*Exercise goal:*
Pictures excluded, retype the lines from the one containing "Гості показу Dior" through the last line of the data below, both included.

*Exercise data:*
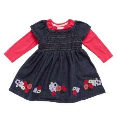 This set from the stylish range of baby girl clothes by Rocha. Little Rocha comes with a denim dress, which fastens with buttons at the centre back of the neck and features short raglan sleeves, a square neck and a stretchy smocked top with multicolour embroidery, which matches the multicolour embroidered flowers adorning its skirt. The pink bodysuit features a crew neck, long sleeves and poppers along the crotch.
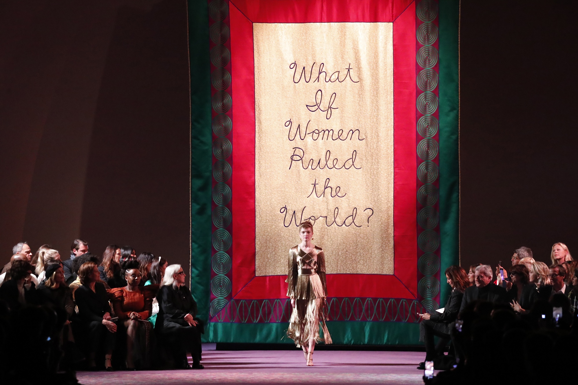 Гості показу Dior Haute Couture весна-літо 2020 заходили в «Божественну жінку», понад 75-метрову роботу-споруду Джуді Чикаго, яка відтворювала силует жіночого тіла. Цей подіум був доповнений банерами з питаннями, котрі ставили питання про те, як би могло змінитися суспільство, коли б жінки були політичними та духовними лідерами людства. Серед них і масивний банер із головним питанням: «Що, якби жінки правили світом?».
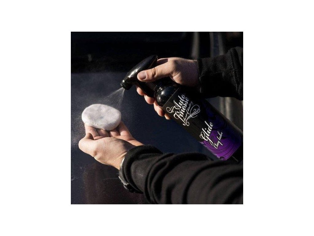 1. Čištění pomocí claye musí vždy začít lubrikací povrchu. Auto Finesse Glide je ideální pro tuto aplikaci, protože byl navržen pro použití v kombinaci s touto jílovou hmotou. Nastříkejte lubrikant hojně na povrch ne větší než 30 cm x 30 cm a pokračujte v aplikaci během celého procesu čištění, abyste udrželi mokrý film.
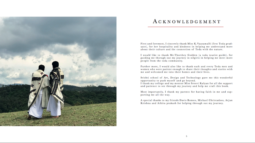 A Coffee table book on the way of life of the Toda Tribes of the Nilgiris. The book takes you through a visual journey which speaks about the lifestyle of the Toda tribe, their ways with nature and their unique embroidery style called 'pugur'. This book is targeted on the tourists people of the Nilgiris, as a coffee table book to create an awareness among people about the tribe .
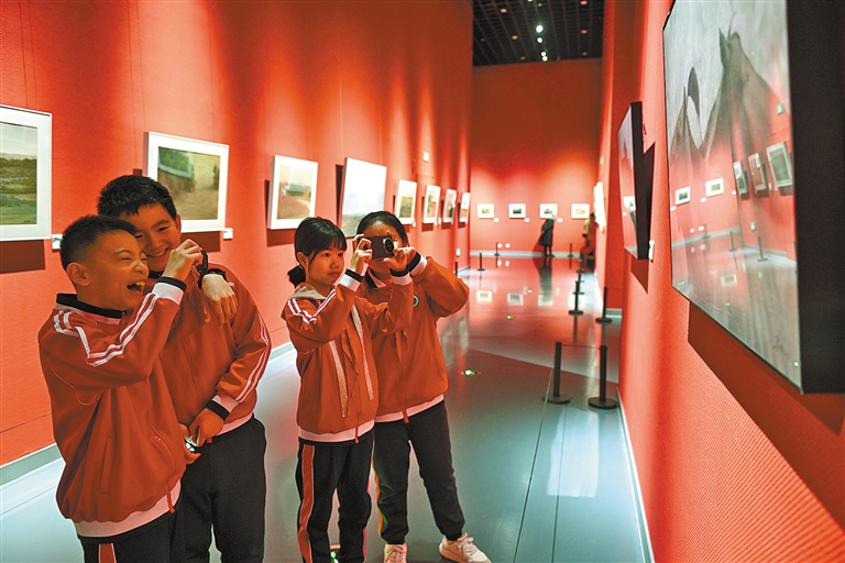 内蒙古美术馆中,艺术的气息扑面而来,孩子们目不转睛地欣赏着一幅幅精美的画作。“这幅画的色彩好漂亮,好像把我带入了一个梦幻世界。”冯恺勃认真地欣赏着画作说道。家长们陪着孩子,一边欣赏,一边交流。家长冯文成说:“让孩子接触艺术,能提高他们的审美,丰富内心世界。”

*Result of the task:*
 Гості показу Dior Haute Couture весна-літо 2020 заходили в «Божественну жінку», понад 75-метрову роботу-споруду Джуді Чикаго, яка відтворювала силует жіночого тіла. Цей подіум був доповнений банерами з питаннями, котрі ставили питання про те, як би могло змінитися суспільство, коли б жінки були політичними та духовними лідерами людства. Серед них і масивний банер із головним питанням: «Що, якби жінки правили світом?».
 1. Čištění pomocí claye musí vždy začít lubrikací povrchu. Auto Finesse Glide je ideální pro tuto aplikaci, protože byl navržen pro použití v kombinaci s touto jílovou hmotou. Nastříkejte lubrikant hojně na povrch ne větší než 30 cm x 30 cm a pokračujte v aplikaci během celého procesu čištění, abyste udrželi mokrý film.
 A Coffee table book on the way of life of the Toda Tribes of the Nilgiris. The book takes you through a visual journey which speaks about the lifestyle of the Toda tribe, their ways with nature and their unique embroidery style called 'pugur'. This book is targeted on the tourists people of the Nilgiris, as a coffee table book to create an awareness among people about the tribe .
 内蒙古美术馆中,艺术的气息扑面而来,孩子们目不转睛地欣赏着一幅幅精美的画作。“这幅画的色彩好漂亮,好像把我带入了一个梦幻世界。”冯恺勃认真地欣赏着画作说道。家长们陪着孩子,一边欣赏,一边交流。家长冯文成说:“让孩子接触艺术,能提高他们的审美,丰富内心世界。”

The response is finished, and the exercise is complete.